Our Blog

Ongoing observations by End Point people

Estimating overlayfs File Space Usage on Ubuntu 12.04 LiveCD

By Adam Vollrath · April 24, 2013

Tags: google-earth, linux, liquid-galaxy, sysadmin, ubuntu

End Point's Liquid Galaxy platform is a cluster of computers distributing the rendering load of Google Earth and other visualization applications. Each of these "display nodes" boots the same disk image distributed over the local network. Our disk image is based on the Ubuntu 12.04 LiveCD, and uses the same overlayfs to combine a read-only ISO with a writeable ramdisk. This Union mount uses Copy-on-write to copy files from the read-only "lower" filesystem to the virtual "upper" filesystem whenever those files or directories are opened for writing.

We often allocate 4GB of system memory to the ramdisk containing the "upper" filesystem. This allows 4GB of changed files on the / filesystem, most of which are often Google Earth cache files. But sometimes the ramdisk fills up with other changes and it's difficult to track down which files have changed unexpectedly.

The df command properly displays total usage for the overlayfs "upper" filesystem mounted at /.

$ df -h
Filesystem              Size  Used Avail Use% Mounted on
/cow                    3.9G  2.2G  1.8G  55% /
/dev/loop0              833M  833M     0 100% /cdrom
/dev/loop1              808M  808M     0 100% /rofs

But how can we identify which files are consuming that space?

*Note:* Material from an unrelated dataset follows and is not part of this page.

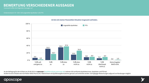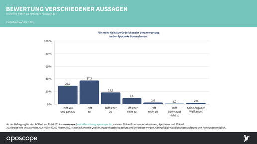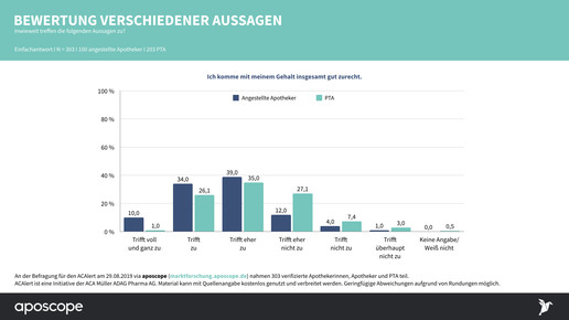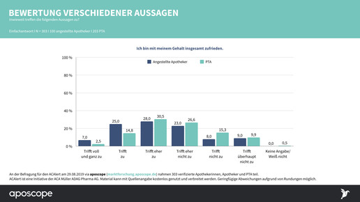 Trotzdem sagt eine Mehrheit, dass sie mit ihrem Gehalt insgesamt gut zurechtkommen. 83 Prozent der angestellten Apotheker und immerhin 62 Prozent der PTA stimmen dieser Aussage zu. Und 72 beziehungsweise 56 Prozent sind mit ihrer finanziellen Situation insgesamt zufrieden. Das heißt nicht, dass es nicht etwas mehr sein dürfte: 52 Prozent der PTA sind mit ihrem Gehalt nicht zufrieden, bei den Approbierten sind es 40 Prozent. Für mehr Gehalt würden 85 Prozent der Angestellten auch mehr Verantwortung übernehmen.

Because the root device has been pivoted by the casper scripts at boot, the /cow device is not readily available. We often use the du tool to estimate disk usage, but in this case it cannot tell the difference between files in the "upper" ramdisk and the "lower" read-only filesystem. To find the files filling our /cow device, we need a way to enumerate only the files in the "upper" filesystem, and then estimate only their disk usage.

The mount command shows the / filesystem is type "overlayfs".

$ mount
/cow on / type overlayfs (rw)
/dev/loop0 on /cdrom type iso9660 (ro,noatime)
/dev/loop1 on /rofs type squashfs (ro,noatime)

The find command does indicate that most directories exist in the filesystem of type "overlayfs", and most unmodified files are on the "lower" filesystem, in this case "squashfs".

$ sudo find / -printf '%F\t%D\t%p\n' | head -n 7 ### fstype, st_dev, filename
overlayfs 17 /
overlayfs 17 /bin
squashfs 1793 /bin/bash
squashfs 1793 /bin/bunzip2
squashfs 1793 /bin/bzcat
squashfs 1793 /bin/bzcmp
squashfs 1793 /bin/bzdiff

However, the modified files are reported to be on an "unknown" filesystem on a device 16. These are the files that have been copied to the "upper" filesystem upon writing.

$ find /home/lg/ -printf '%F\t%D\t%p\n' | head -n 33
overlayfs 17 /home/lg/
squashfs 1793 /home/lg/.Xresources
unknown  16 /home/lg/.bash_history
squashfs 1793 /home/lg/.bash_logout
squashfs 1793 /home/lg/.bashrc
overlayfs 17 /home/lg/.config
overlayfs 17 /home/lg/.config/Google
unknown  16 /home/lg/.config/Google/GoogleEarthPlus.conf
unknown  16 /home/lg/.config/Google/GECommonSettings.conf

I couldn't quickly discern how find is identifying the filesystem type, but it can use the -fstype test to reliably identify files that have been modified and copied. (Unfortunately find does not have a test for device number so if you have more than one overlayfs filesystem this solution may not work for you.)

Now that we have a reliable list of which files have been written to and copied, we can see which are consuming the most disk space by piping that list to du. We'll pass it a null-terminated list of files to accommodate any special characters, then we'll sort the output to identify the largest disk space hogs.

$ sudo find / -fstype unknown -print0 | du --files0-from=- --total | sort -nr | head -n 4
2214228 total
38600 /var/cache/apt/pkgcache.bin
38576 /var/cache/apt/srcpkgcache.bin
17060 /var/log/daemon.log

We included a total in this output, and notice that total is exactly the 2.2GB indicated by the df output above, so I believe this is measuring what we intend.

Of course five hundred 2MB Google Earth cache files consume more space than a single 38MB apt cache file, so we'd like to list the directories whose files are consuming the most ramdisk space. Unfortunately giving find and du depth arguments won't work: the "unknown" filesystem doesn't have any directories that we can see. We'll have to parse the output, and that's left as an exercise for the reader for now.

I just realized I could've simply looked for files modified after boot-time and gotten very similar results, but that's not nearly as fun. There may be a way to mount only the "upper" filesystem, but I was disappointed by the lack of documentation around overlayfs, which will likely be included in the mainline 3.10 Linux kernel.